YOUR ASSIGNMENT —
For this exercise, copy exactly only the lines from the one containing "12-string, Ahenk, Chello" to the final line of the material below, without the pictures.

DATA SECTION —
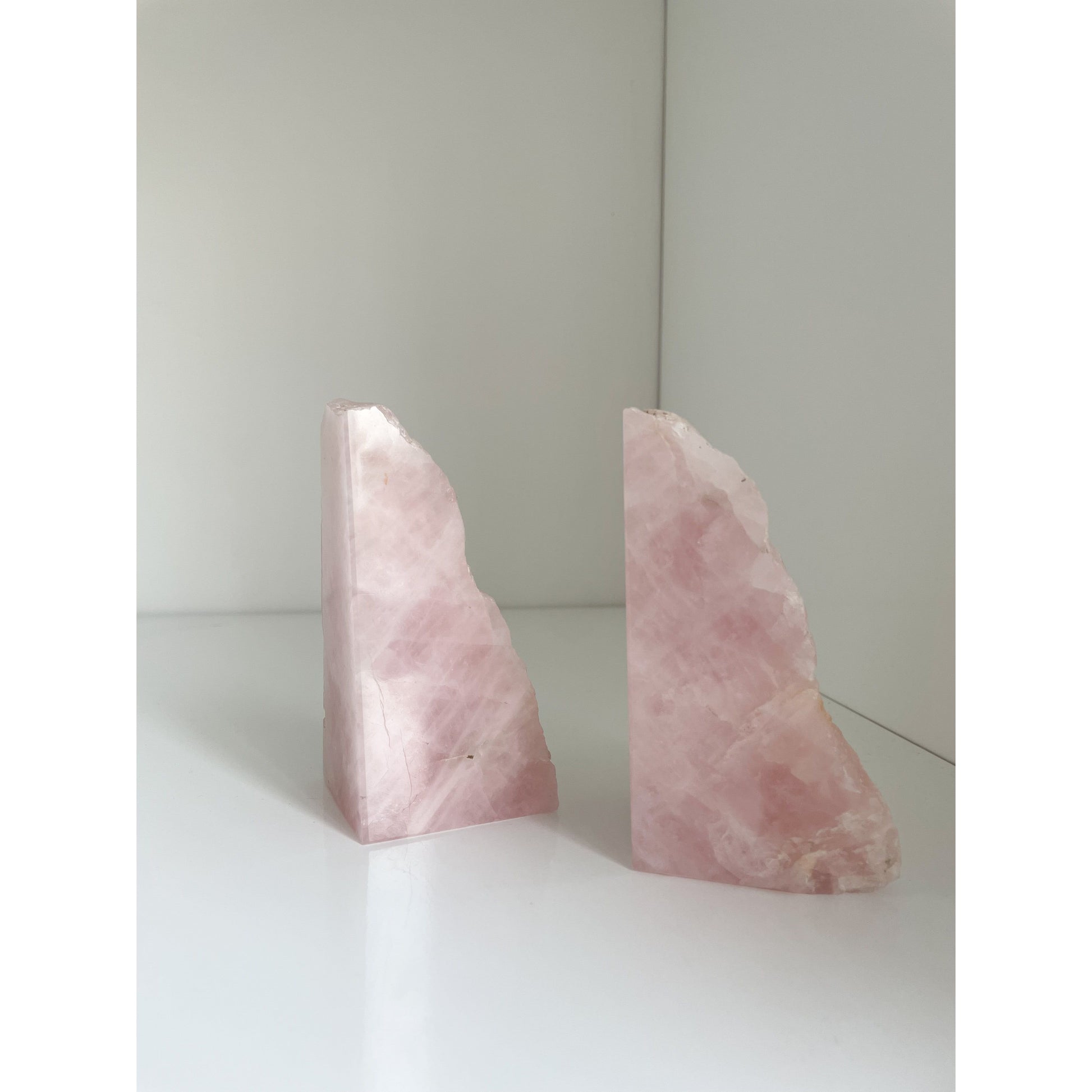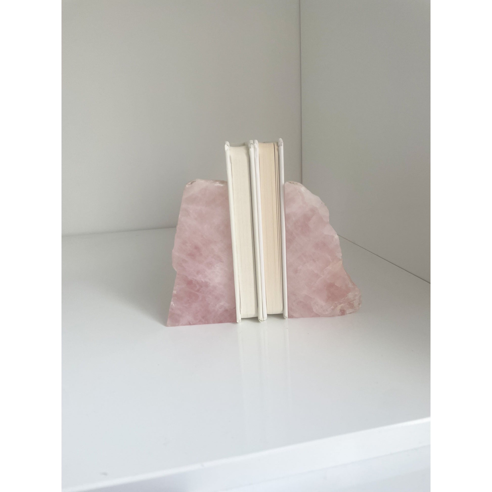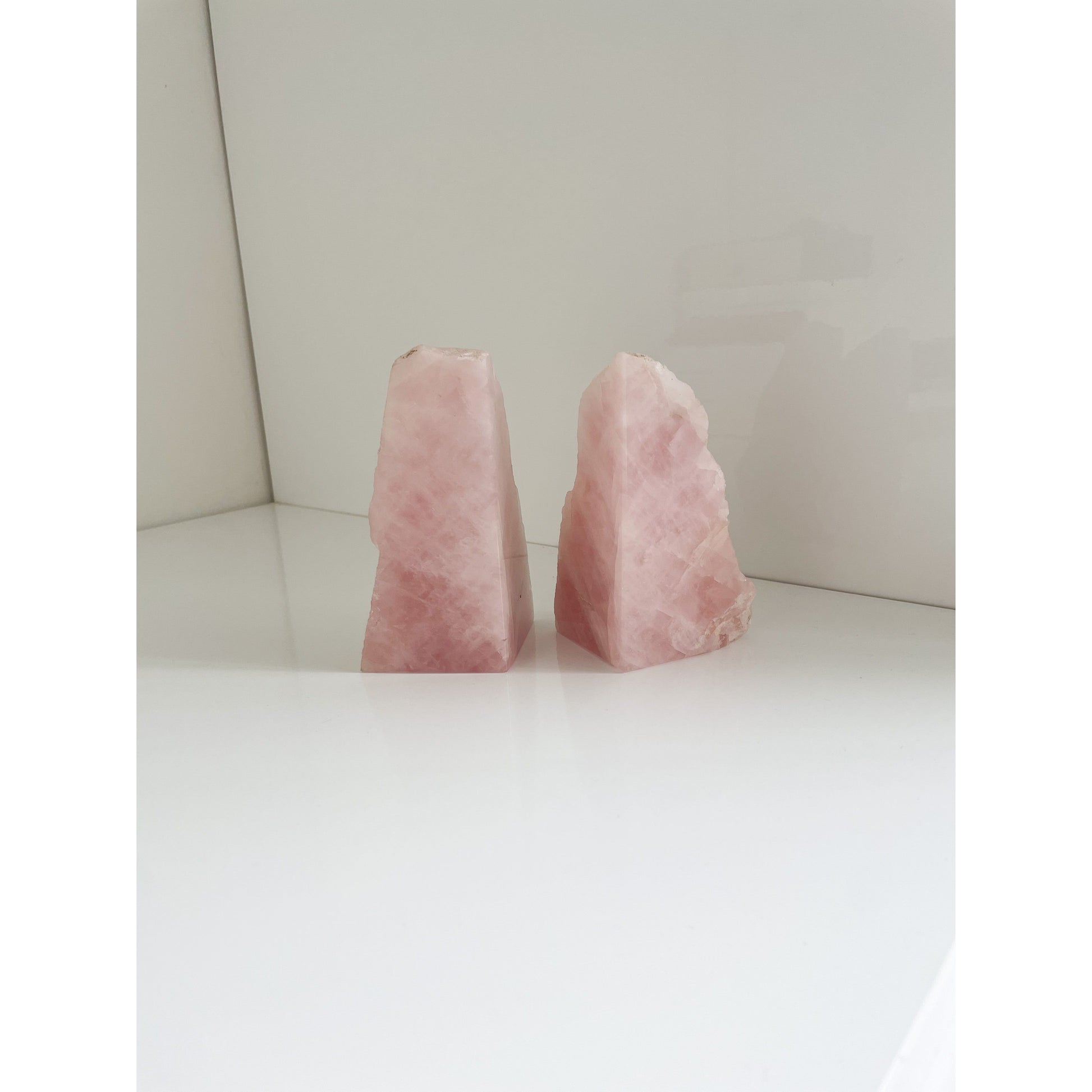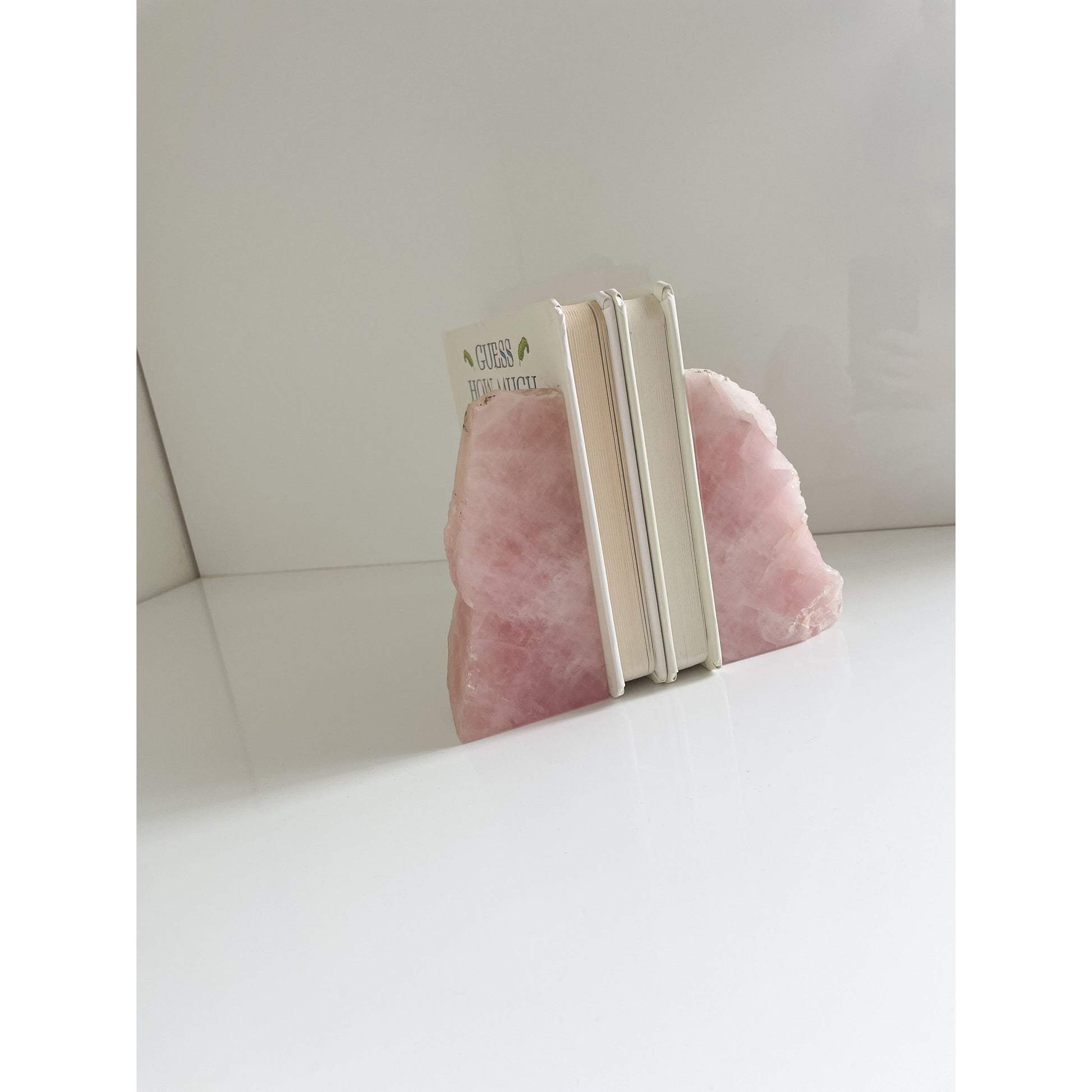 These pink quartz agate stone book ends are a wonderful feature to you book shelves. The agate has a relatively low frequency, therefore is a very peaceful and soothing crystal
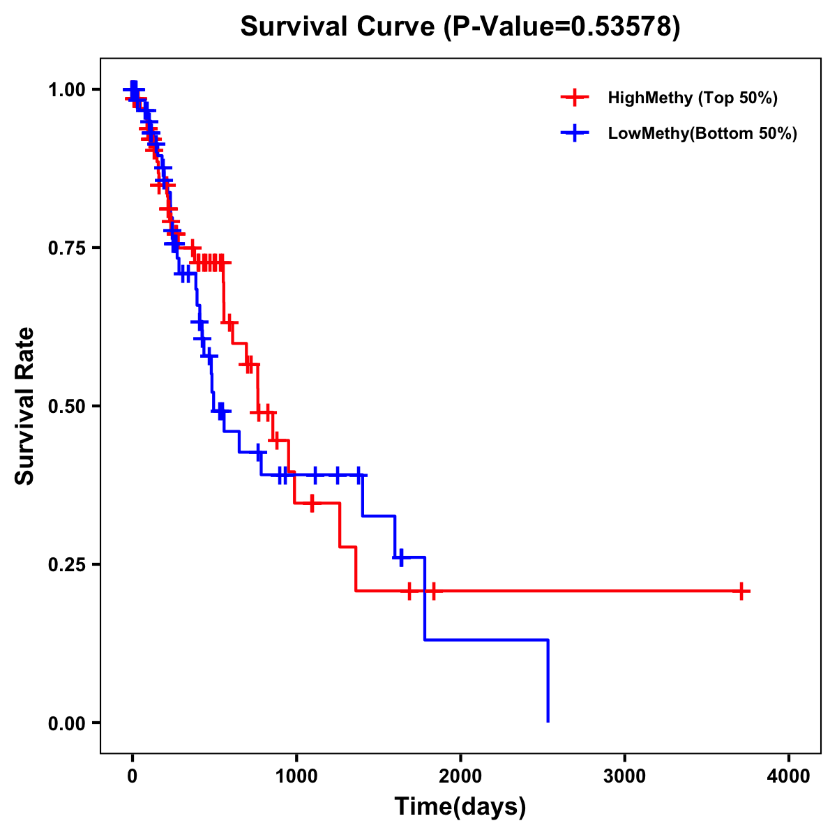 | Survival Curve of Esophagus Cancer of Expression | Survival Curve of Esophagus Cancer of Methylation | ||
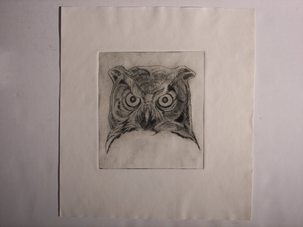 , Annie Lee Ross , Intaglio Etching , Owl Face , 5 1/2" x 5" , Unsigned , (7798)
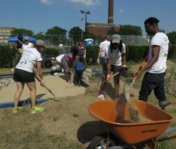 Members of AmeriCorps VISTA join city staff members and local volunteers to revitalize a hospital complex in Detroit. (Photograph by Hayley Kallenberg, courtesy of Cities of Service)
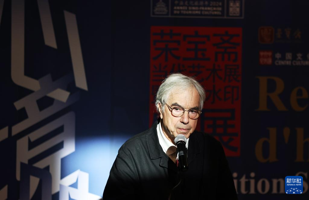 12月20日,在法國巴黎中國文化中心,法國藝術家雷米·阿龍在“心境映象——榮寶齋當代藝術展暨木版水印特展”開幕式上致辭。
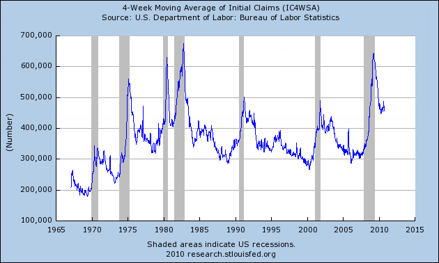To be consistent with an economy adding jobs coming out of a recession, the number of claims needs to fall to the 400,000 level.
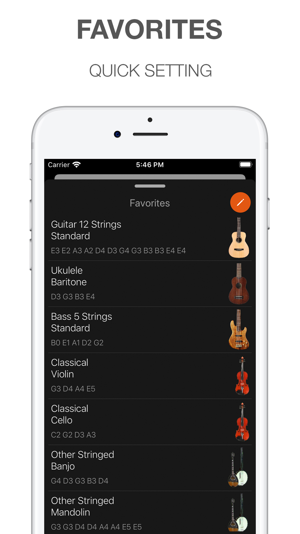 • Standard tuning for Guitar, Ukulele, Bass, Bass 5-string, Guitar 12-string, Ahenk, Chello
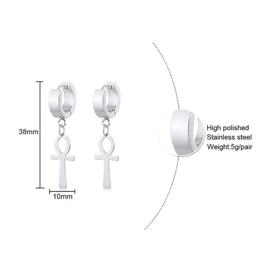 Drop Ankh Egyptian Cross Hoop Earrings in 3 Different Colors
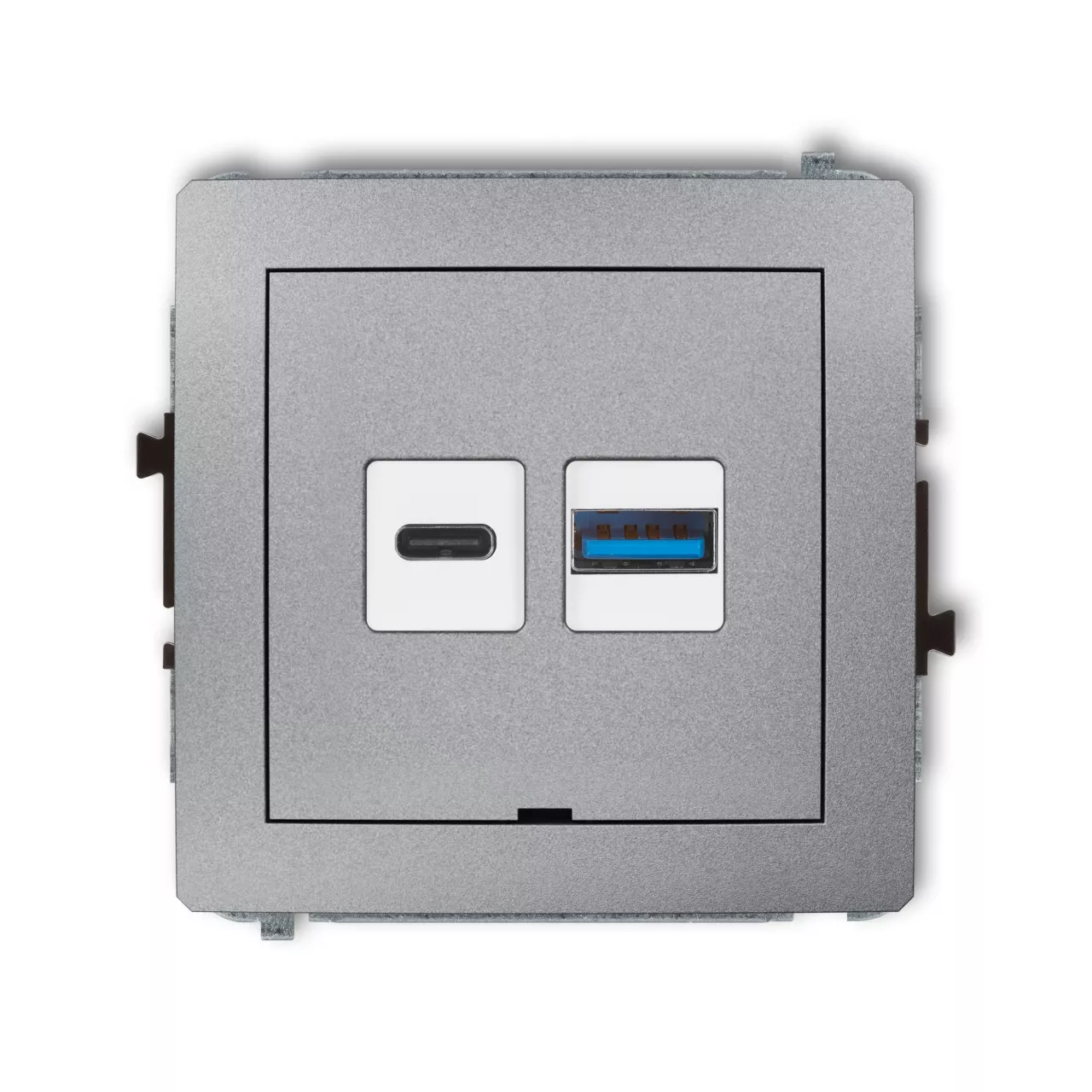 DECO Mechanizm ładowarki USB podwójnej USB C + USB A, 30W max., bez pola opisowego srebrny metalik

WRITTEN SOLUTION —
 • Standard tuning for Guitar, Ukulele, Bass, Bass 5-string, Guitar 12-string, Ahenk, Chello
 Drop Ankh Egyptian Cross Hoop Earrings in 3 Different Colors
 DECO Mechanizm ładowarki USB podwójnej USB C + USB A, 30W max., bez pola opisowego srebrny metalik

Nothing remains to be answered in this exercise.